Introduction

Figure 5.1 shows an array of nanodots created using the novel ``double template'' method imaged using a scanning electron microscope.

Figure 5.2 shows the experimentally measured hysteresis loop for such an array of nickel nanodots (see section 5.1.1) with a bounding sphere diameter $d$ of 500nm (Zhukov, 2004) obtained through magneto-optical Kerr effect (Argyres, 1955) microscopy. The motivation here is to reveal the physics in this hysteresis loop through micromagnetic simulation.

Although the precise shape of the nanodot is not known, we do know the manufacturing method (see section 5.1.3) and from this we can derive an approximate representation of the nanodot.

It is not feasible to perform a three-dimensional micromagnetic simulation of a large array of nanodots so instead a single nanodot is modelled numerically. Despite some inevitable dipolar interaction in the real system, particularly when the nanodots are close together, it remains of interest to investigate the magnetisation of an independent nanodot.

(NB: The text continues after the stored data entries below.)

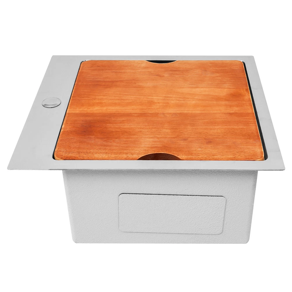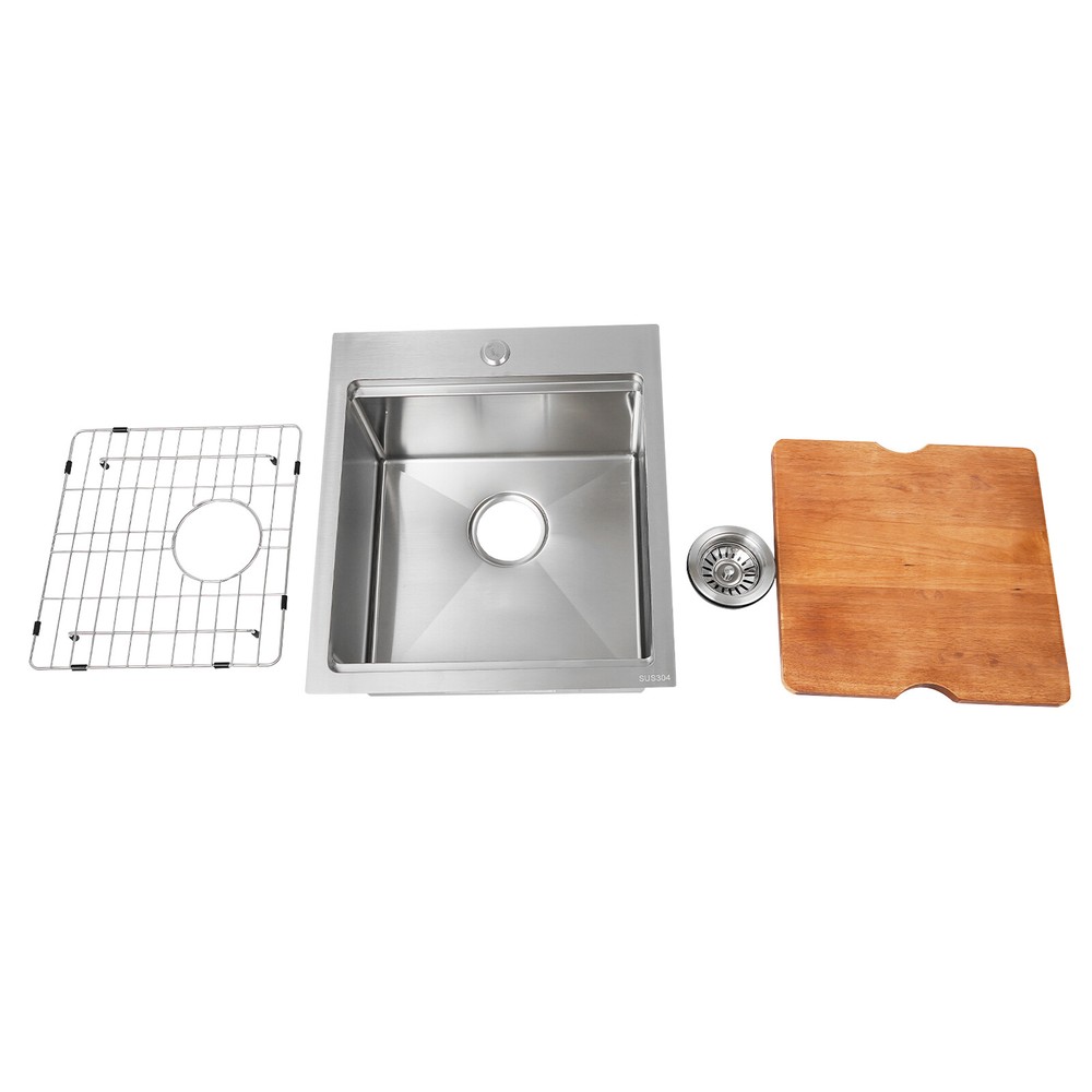 Kitchen Sink Workstation Sink with Cutting Board Stainless Steel Kitchen Sink Description Made of high-quality 304 stainless steel, this kitchen sink is exquisitely crafted, wear- resistant , and corrosion- resistant . Its enlarged and deepened sink not only alleviates the splashing problem but also increases space utilization for cleaning numerous cookwares. The design with a cutting board and bottom rinse grid allows you to wash and cut fruits and vegetables simultaneously, with which you can enjoy a more convenient life. Key Features Strong and Durable: Made of premium 304 stainless steel through the brushed process, it is corrosion and heat- resistant and will remain as good as new for a long time, even in the face of frequent daily use and all kinds of kitchen utensils collision. Space Optimization: The workstation sink is designed to hold the cutting board on a single track, maximizing the available space on the countertop. Large Capacity: Its large washing size ( 15*15in ) allows you to clean large amounts of plates, dishes, and pots, and wash fruits, and vegetables at one time without splashing, saving time. Life Assistant: This sink with a cutting board and bottom rinse grid cleverly combines washing and meal preparation functions, allowing you to enjoy a convenient life. Invisible and Beautiful: It supports three mount types: top mount, flush mount, and under mount, which will not affect the aesthetics when the sink is flush with the countertop, and the smooth lines and low-key silver-colored appearance can also add a touch of simplicity and elegance to the kitchen. Hassle-free Cleaning: The brushed surface is not easy to leave marks, you can remove surface dust and grease by wiping with a damp cloth and detergent (not included). User Friendly: The rubber mute mat can effectively reduce the noise generated by the faucet water release and the collision of dishes, creating a quiet kitchen environment. The anti-condensation coating effectively prevents excessive temperature differences and protects the cabinet from moisture. Rapid Drainage: The X-shaped water guidelines and enlarged 3.5-inch drain hole help drain water quickly. Customer Service: We aim to provide quality products and services. If you have any problems, please feel free to contact us. We will reply to you and solve the problem for you as soon as possible. Details Rounded Corners: They are not easy to leave hygiene blind spots, making it convenient for you to clean the sink. Bottom Rinse Grid: With protective covers, it can prevent scratches on the kitchen utensils and sink. Utensils can be placed on the rinse grid for fast drainage. Thoughtful Handles: Two curved handles on either side of the cutting board make it easy to reach and move. Application It can be widely used in homes, restaurants, laundries, basements, bars, kitchens, food trucks, dessert stores, coffee shops, hotels, garages, gardens, etc. for washing dishes and cutting vegetables and fruits. Specification Material: 304 Stainless Steel Color: Silver Style: Modern Process: Brushed Shape: Rectangular Mount Type: Topmount, Undermount, Flushmount Assembly Required: Yes Thickness: 100mm/0.39in Drain Hole Diameter: 8.9cm/3.5in Cutting Board Size: 38.1*38.1cm/15*15in Product Size: 43.1*48.2*21.9cm/17*19*8.6in Package Size: 53*48*27cm/20.87*18.90*10.63in Gross Weight: 8.4kg/18.52lbs Net Weight: 7.8kg/17.2lbs Package Included 1* Stainless Steel Kitchen Sink 1* Cutting Board 1* Bottom Rinse Grid 1* Strainer Notes Please check the style and size before purchasing. Please do not scratch its surface with sharp objects to prolong its service life. If you want to get a better installation effect, we suggest you ask professional workers to install it. Please allow the slight color difference caused by the shooting light and 1-3cm error due to manual measurement and make sure you do not mind before ordering. Payment Delivery details Terms of sales About us Contact us Payment We accept ebay payment 。 Fees such as import duties, taxes are not included in the item price or shipping costs. These charges are the buyer's responsibility. Delivery details Shipping: 2-9 working days to: USA Terms of sales We maintain high standards of excellence and strive for hundred percent customer satisfaction. Feedback is very important to us. We hope that you contact us immediately before you give neutral or negative feedback, so that we can address your concerns. It is impossible to address issues if we do not know about them! About us Your satis faction is our ultimate goal. We work hard to earn your trust and future business. Our certified technicians have tested each item before shipping. The unit comes with 1 year limited warranty on all manufacturing defects. a) If you receive a defective item, you may return it or ask for a discount. Please contact us within 14 days after you receive the package. b) What you returned must be intact and in its original packaging as re? u. Customer is responsible for shipping costs of the returned item. c) We will cover the cost of shipping back t with the shipping rate indicated in the registration page. We will send you a new unit or refund the full payment you paid. Thank you. Contact us Business Hour Business Hour: Monday To Friday: 8:30 AM to 5:00 PM (Beijing China time) Due to time zones, our reply to your questions may not be immediately. But within above working time, we will reply your email within 24 hours. If it's non-workdays, please kindly be patient and wait till Monday. Please contact us with ebay message. Please feel free to contact us if you have any questions. Monday To Friday: 8:30 AM to 5:00 PM (Beijing China time) Due to time zones, our reply to your questions may not be immediately. But within above working time, we will reply your email within 24 hours. If it's non-workdays, please kindly be patient and wait till Monday. Please contact us with ebay message. Please feel free to contact us if you have any questions.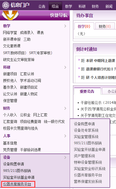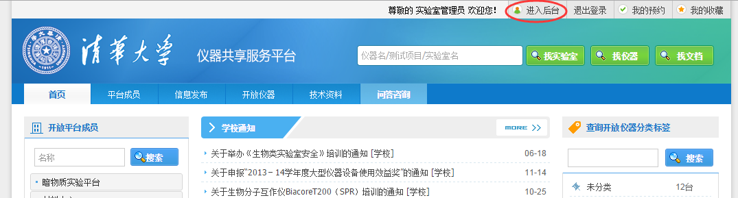 使用chrome瀏覽器輸入個人證號和密碼登錄清華大學信息門戶,點擊圖2中的“儀器共享服務平臺”進入系統。點擊圖3中的“進入后臺”圖標,用戶進入系統管理頁面,如圖4。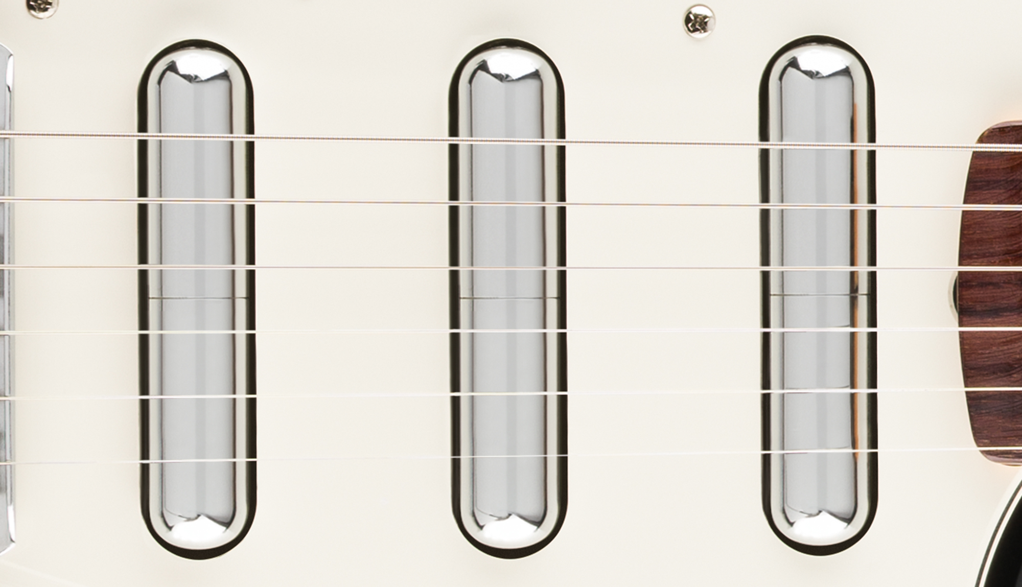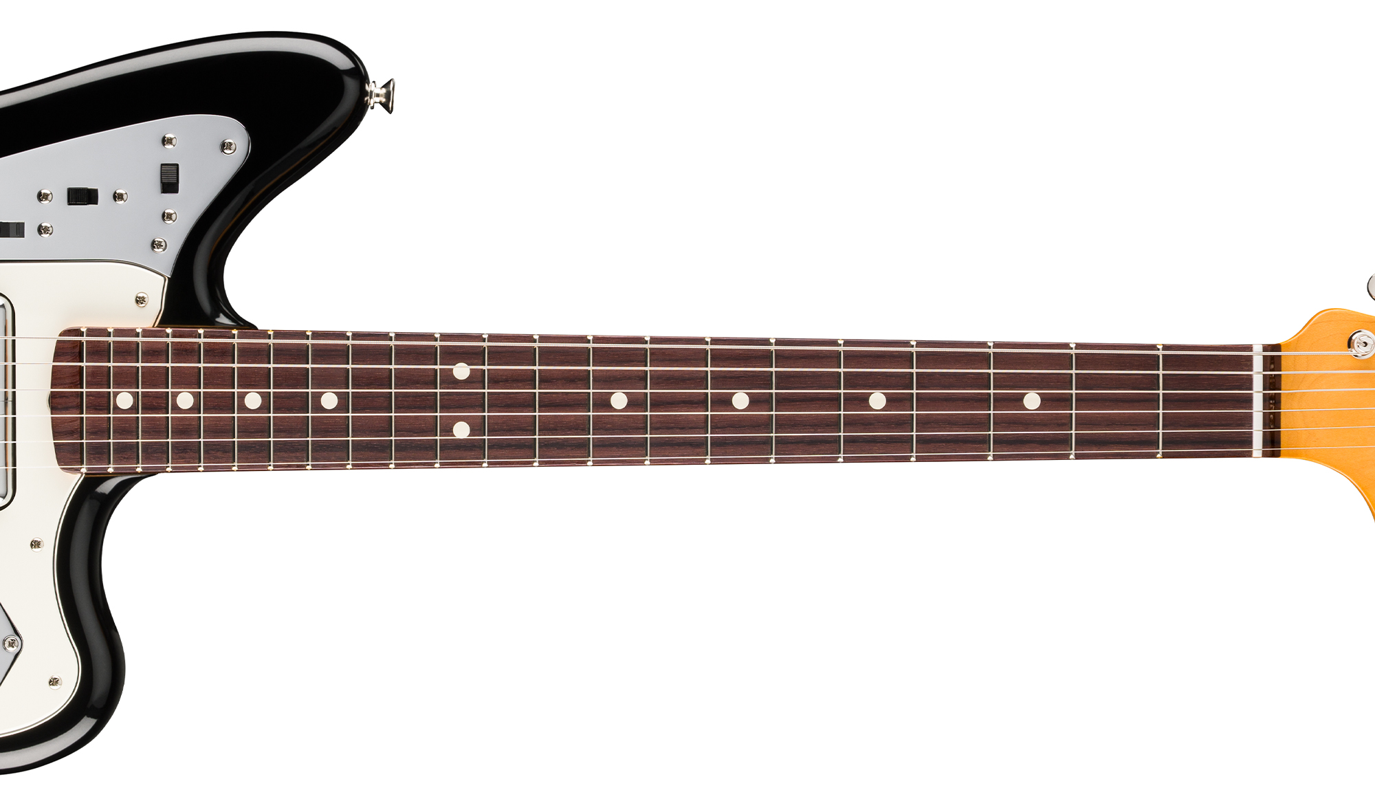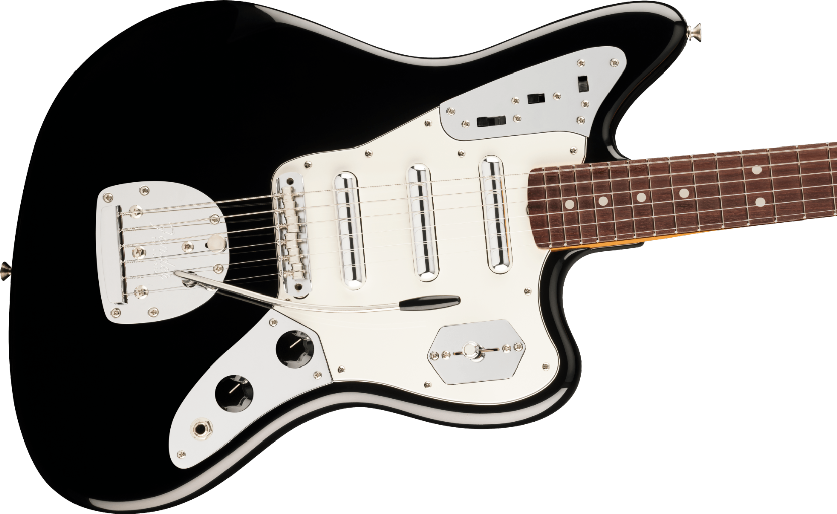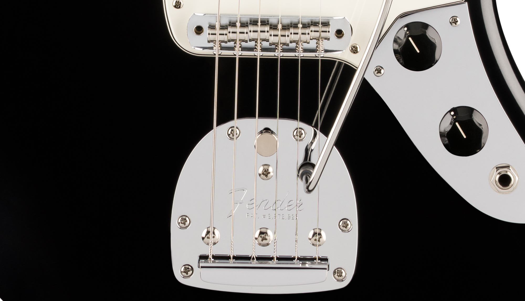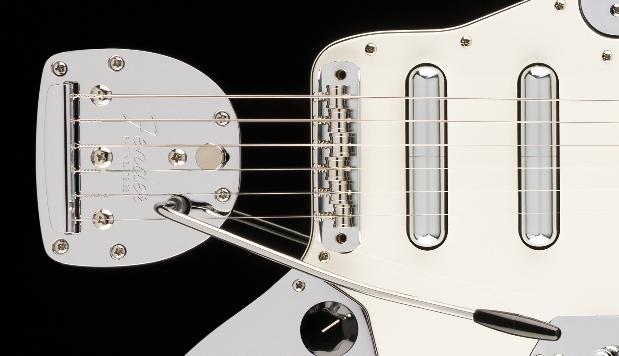 The Jaguar® bridge combines classic design with Mustang® saddles and specialized nylon post inserts for exceptional tuning stability and precise intonation. Protected by a chrome cover, this refined bridge system delivers both improved performance and traditional aesthetics.

Figure 5.1: Scanning electron microscope image of a droplet array

Figure 5.2: Normalised MOKE measurements for a nickel dot array of diameter 500nm

Figure 5.3: The double-template self-assembly technique. First, an aqueous suspension of latex spheres (top left) of diameter $d$ is poured onto a substrate. As the water evaporates, the latex spheres are attracted to each other (top centre), forming a regular close-packed structure. This template can be filled with a non-magnetic material (top right) and the latex spheres etched away (bottom left). The resulting gaps can be filled with a magnetic material to a varying height $h$ (bottom right) to form arrays of connected or disconnected part-spherical nanodots.